Serving Suggestions and Variations:

This Butternut Squash Orzo is fantastic on its own as a light lunch or dinner. However, it also pairs beautifully with a variety of other dishes. Consider serving it alongside grilled chicken or fish for a more substantial meal. A simple green salad with a light vinaigrette would also be a wonderful complement.

Looking for variations? The possibilities are endless!

* Add some protein: Toss in some cooked Italian sausage, grilled shrimp, or chickpeas for a protein boost.
* Spice it up: A dash of cayenne pepper or a swirl of chili oil can add a delightful warmth.
* Get cheesy: Experiment with different cheeses! Goat cheese, feta, or even a dollop of ricotta would be delicious.
* Add some greens: Stir in some wilted spinach, kale, or arugula for added nutrients and flavor.
* Nutty crunch: Toasted pecans, walnuts, or pumpkin seeds would provide a satisfying crunch.
* Herbaceous delight: Fresh sage, thyme, or rosemary would enhance the autumnal flavors.

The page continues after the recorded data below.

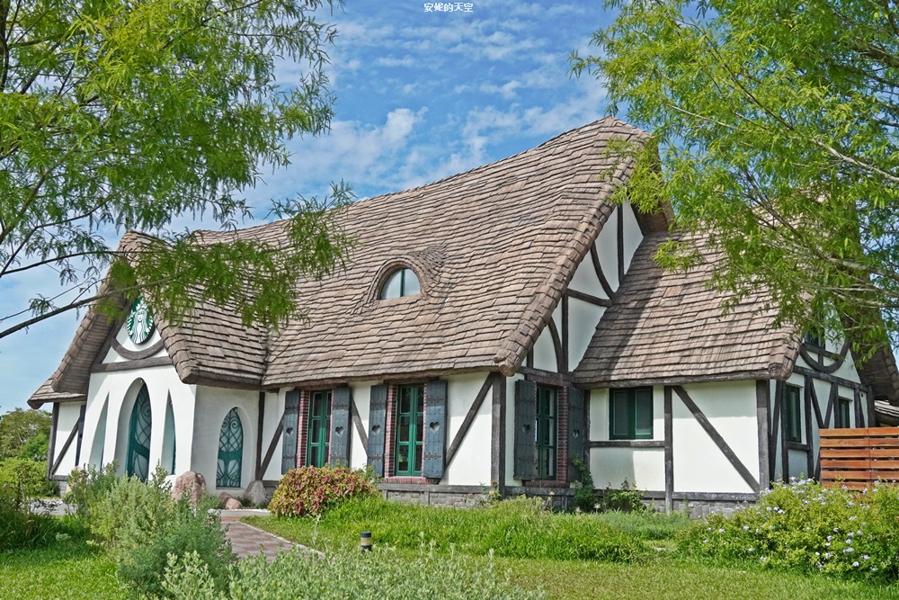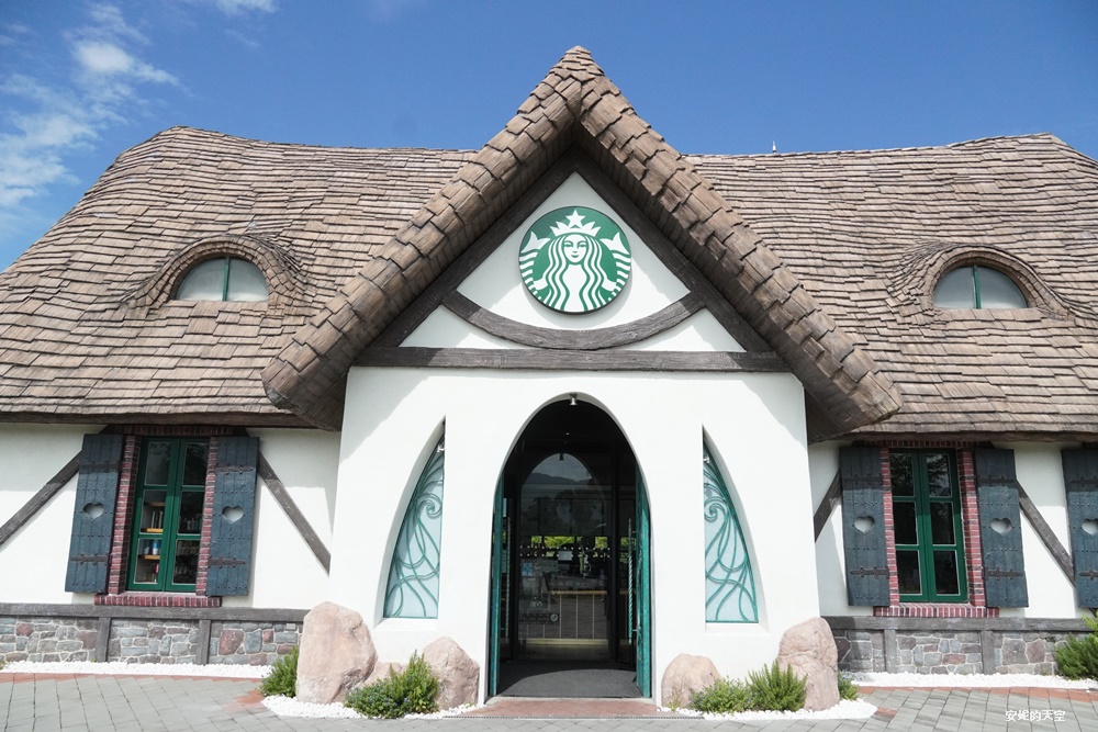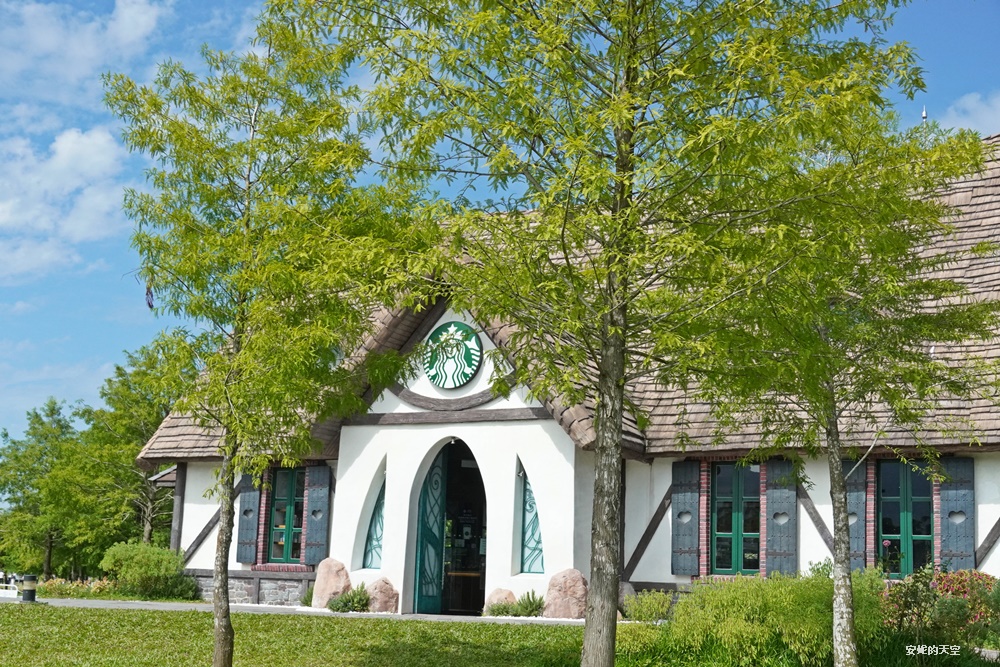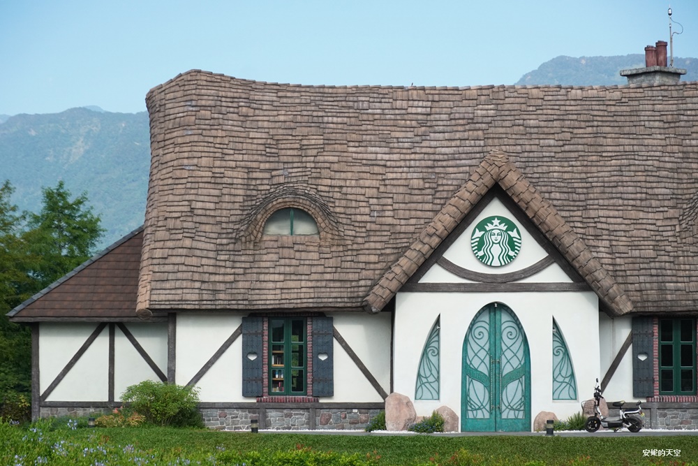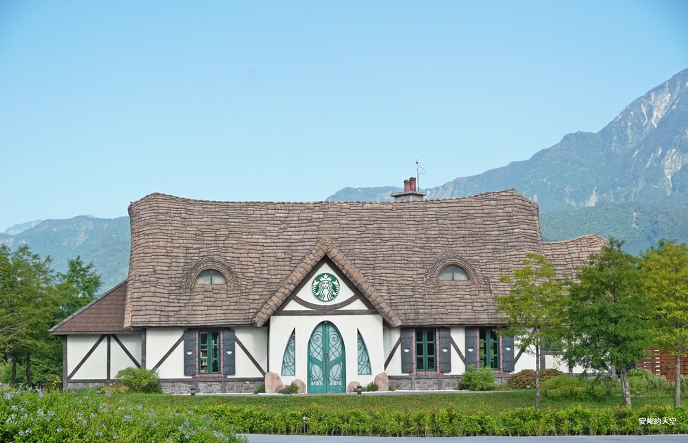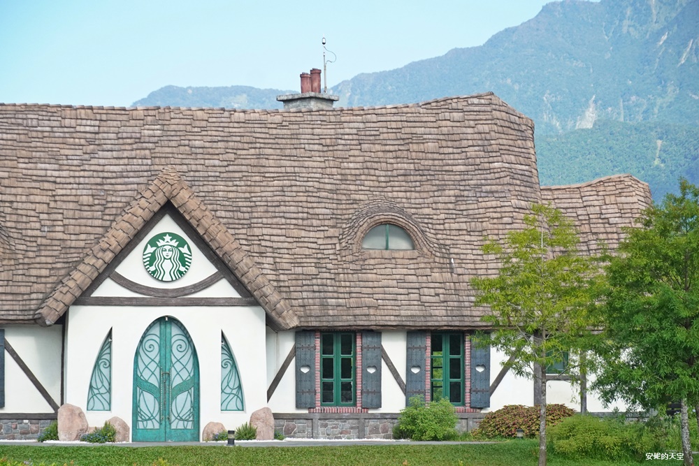 星巴克花蓮理想門市,有全台最美的星巴克的美譽。這裡佔地相當廣闊,猶如走進一幅油畫畫作之間,落羽松步道蜿蜒其間,搭配環湖造景,依偎在壯麗山景之下,整座建築彷彿電影裡精靈居住的夢幻城堡。夢幻的尖塔屋頂、真實的煙囪、獨特的貓眼窗戶,每個細節都讓人驚艷。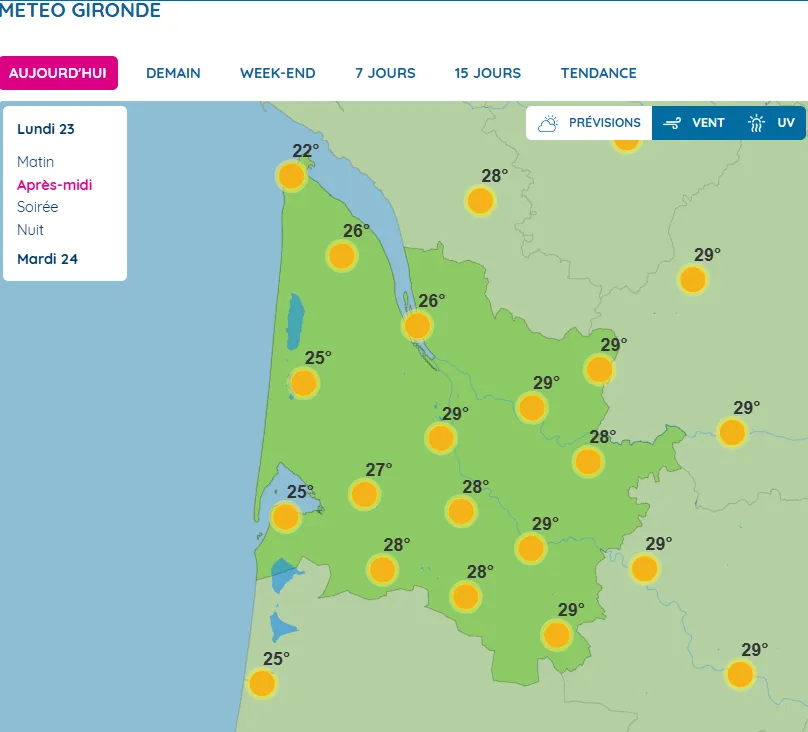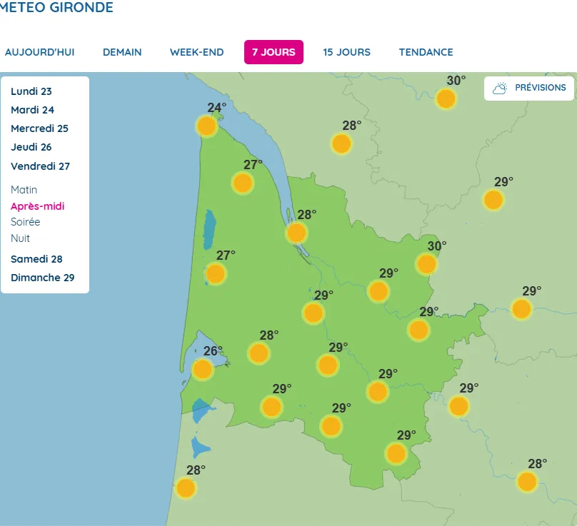 La semaine restera chaude mais elle commence avec des températures flirtant ce lundi avec les 30 degrés, en Gironde comme en Lot-et-Garonne, selon les prévisions de Météo France.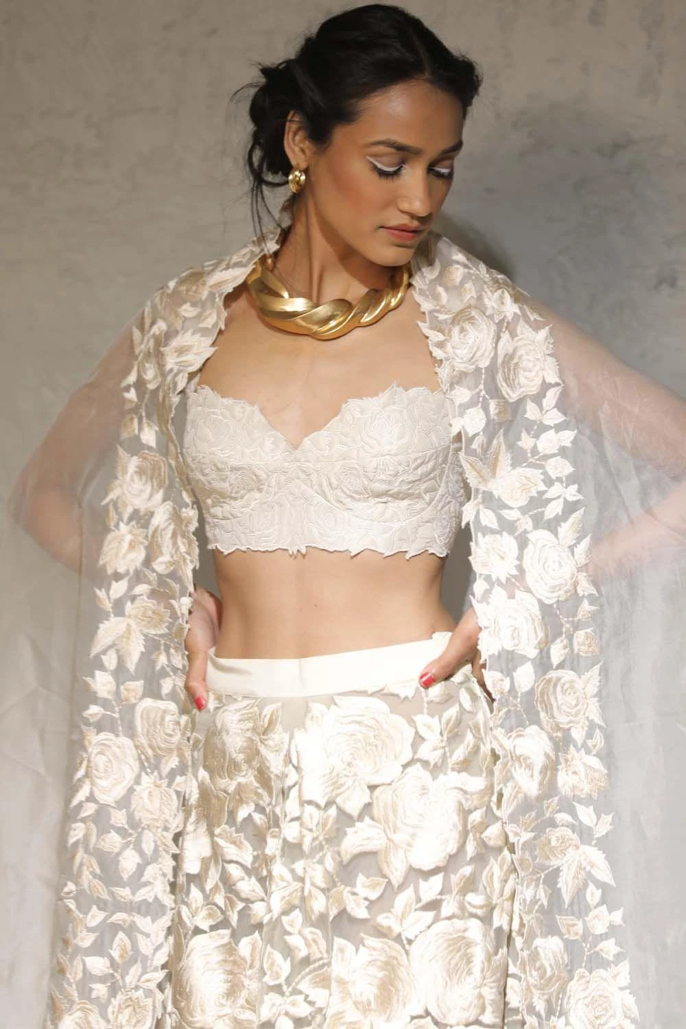 This elegant off white silk blouse is quilted in Aikeyah’s signature floral motifs. This stunning piece can be styled as part of a lehenga set with traditional jewellery.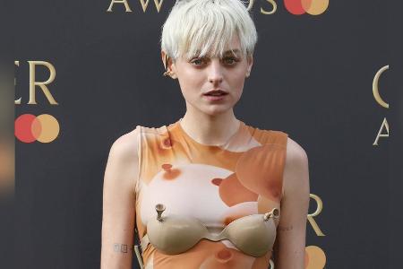 Emma Corrin (26) hat einen sehr skurrilen Auftritt hingelegt, als sie bei den Olivier Awards in der Royal Albert Hall in London über den roten Teppich schritt. Die Schauspielerin, die bei der britischen Theaterpreisverleihung in der Kategorie "Beste Hauptdarstellerin" nominiert war, trug über ihrem Kleid einen BH aus Luftballons.

I’ve personally tried many of these variations, and each one brings a unique twist to the original recipe. Don’t be afraid to get creative and experiment with your own favorite ingredients!

I’m so confident that you’ll love this Butternut Squash Orzo that I wholeheartedly encourage you to give it a try. It’s a simple, satisfying, and utterly delicious dish that’s perfect for any occasion. Whether you’re cooking for yourself, your family, or a crowd, this recipe is sure to impress.

And now, for the most important part: I want to hear about your experience! Once you’ve made this Butternut Squash Orzo, please come back and share your thoughts in the comments below. Did you make any modifications? What did you think of the flavor? What did you serve it with? Your feedback is invaluable, and I can’t wait to hear what you think. Happy cooking!


Butternut Squash Orzo: A Delicious and Easy Recipe

Creamy and comforting Butternut Squash Orzo, cooked risotto-style with Parmesan cheese and fresh sage.

Save This Recipe
Prep Time20 minutes
Cook Time45 minutes
Total Time65 minutes
Yield4-6 servings
👨‍🍳By: Tessa
📂Category: Dinner
📊Difficulty: Easy
🌍Cuisine: American
🍽️Yield: 4-6 servings
🥗Dietary: Vegetarian

Ingredients

Instructions

Recipe Notes

  • Add protein: Grilled chicken, shrimp, or sausage would be delicious additions to this dish.
  • Use different vegetables: Feel free to substitute other roasted vegetables for the butternut squash, such as sweet potatoes, Brussels sprouts, or carrots.
  • Add greens: Stir in some wilted spinach or kale for added nutrients and flavor.
  • Make it vegan: Use vegan Parmesan cheese and vegetable broth to make this dish vegan. You can also substitute the butter with olive oil.
  • Spice it up: Add a pinch of red pepper flakes to the orzo while it’s cooking for a little heat.
  • Herbs: Rosemary or thyme can be used instead of sage.

Frequently Asked Questions

→ How do I ensure the bread stays moist?
Use fresh, ripe ingredients and avoid overmixing the batter. Store in an airtight container.
→ Can I substitute ingredients?
Yes, you can substitute similar ingredients while maintaining the basic ratios for best results.
→ How long does this bread keep?
Store tightly wrapped at room temperature for 2-3 days, or refrigerate for up to a week.
→ What if I don't have all the spices?
You can adjust spices to taste or substitute with similar warming spices.
→ Can I freeze this bread?
Yes, wrap individual slices and freeze for up to 3 months. Thaw at room temperature before serving.